Jim Abbott
Batted: Right Threw: Left
MLB Debut
April 8, 1989 for the California Angels
Final game
July 21, 1999 for the Milwaukee Brewers
Career Statistics
Record     87-108
ERA     4.25
Strikeouts     888
Career Highlights and Awards

James Anthony Abbott (born September 19, 1967), was a Major League Baseball pitcher for the California Angels, the New York Yankees, the Chicago White Sox, and the Milwaukee Brewers from 1989 to 1998. Abbott is best known for playing despite having no right hand.

While with the University of Michigan, Abbott won the James E. Sullivan Award as the nation's best amateur athlete in 1987 and won a gold medal in the 1988 Summer Olympics. He was drafted in the first round of the 1988 MLB Draft and reached the Majors the next year. He threw a no-hitter against the Cleveland Indians in 1993.[1] Abbott retired with a career record of 87 wins and 108 losses, with a 4.25 earned run average. He currently works as a motivational speaker.

Playing careerEdit

Amateur yearsEdit

Abbott was born in Southfield, Michigan and moved to Flint, Michigan shortly afterwards. He was born without a right hand. He was picked up by the Ypsillanti MI team in American Legion and went to win the championship. He graduated from Flint Central High School in Michigan where he was a stand-out pitcher and as an American football quarterback led his team to the state championships.[2] He was drafted in the 36th round by the Toronto Blue Jays in the 1985 MLB Draft but didn't sign, instead moving on to the University of Michigan.

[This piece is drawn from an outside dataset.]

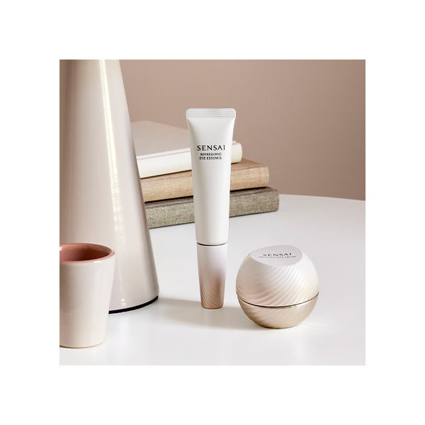 TOTAL EYE TREATMENT es el primer ritual de SENSAI para el contorno de ojos con un doble enfoque que impulsa la renovación y la vitalidad de la mirada. Al fusionar dos fórmulas complementarias, este tratamiento brinda una experiencia sensorial única basada en el contraste térmico: una esencia de efecto refrescante y una crema con sensación de “calor”, que revitalizan visiblemente el área del contorno ocular.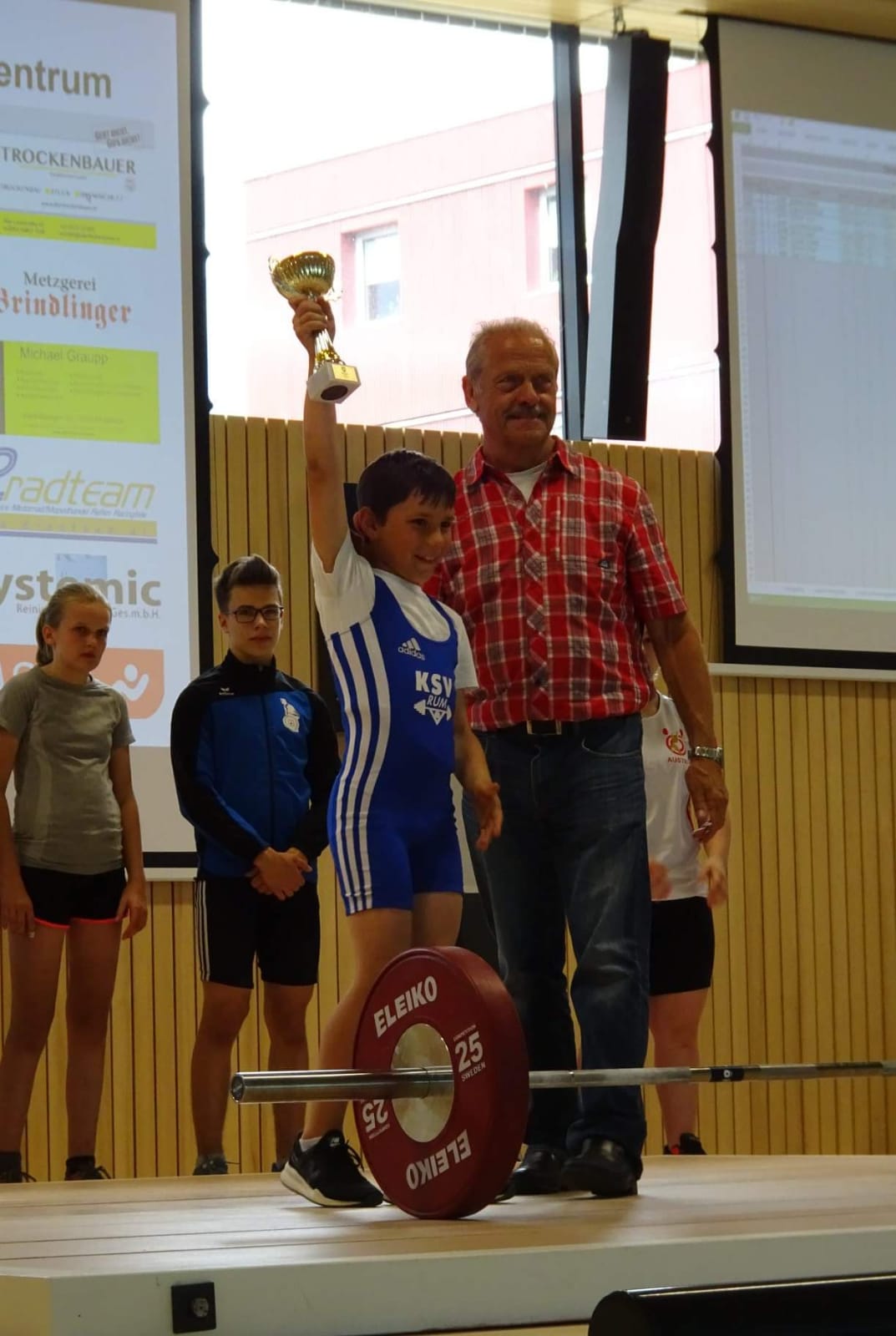 Am 15. und 16. Juni war es so weit. Die offizielle Eröfdfnung des neuen SportzentRUM stand am Programm. Bereits am Samstag fand um 10.00 Uhr das Riesenwuzzler-Turnier statt. Dabei konnte unsere KSV-Mannschaft überzeugen und holte sich den 3. Platz. Am Nachmittag stand die 3. Runde des Tiroler Nachwuchscup´s auf dem Programm. 9 Mädels und Burschen zeigte vor einer vollen Wettkampfhalle ihr Können. Unsere Jung´s konnten dabei vollends überzeugen. Maximilian Aigner konnte seine Bestleistungen gleich um 9 kg nach oben schrauben und siegte mit 16 kg Reißen und 23 kg Stoßen in der U 9 Klasse. Josef Stöckl konnte mit 477 Punkten die Tageshöchstmarke erzielen und verbesserte seine Bestleistungen auf 23 kg Reißen und 31 kg Stoßen. Florian Barth belegte in der U 15 Klasse den 2. Platz hinter dem Häringer Benkö Niclas. Die neue Bestleistung von 51 kg konnte Flo zwar Reißen .... leider flog die Hantel noch vor dem Absignal in Richtung Erde. Victoria Steiner zeigte 6 saubere Versuche und konnte mit 75 kg Reißen und 95 kg Stoßen die Tagesbestmarken erzielen. Anschließend wurde die neue Laufbahn mit den Leichtathletikbewerben eingeweiht. |

He played for Michigan three years, from 1985 to 1989, leading them to two Big Ten championships. In 1987, he won the James E. Sullivan Award as the top amateur athlete in the United States, becoming the first baseball pitcher to win that award.[1] The same year Jim pitched for the United States at the Pan-American Games, winning a silver medal. The highlight of his amateur career was when he pitched the final game in the 1988 Summer Olympics, winning a gold medal for the United States. Jim was voted the Big Ten male athlete of the year in 1988, receiving the Jesse Owens Award. Abbott would be selected 8th overall by the California Angels in the 1988 MLB Draft.

Professional yearsEdit


In 1989 he jumped directly from the University of Michigan into the Angels' starting rotation without playing a single minor league game. In his rookie year, he posted a 12-12 record with an ERA of 3.92 at the age of twenty-one. His 12 wins in his first professional season were the most since Mark Fidrych won 19 for the Detroit Tigers in 1976, and he finished fifth in the year's rookie of the year voting.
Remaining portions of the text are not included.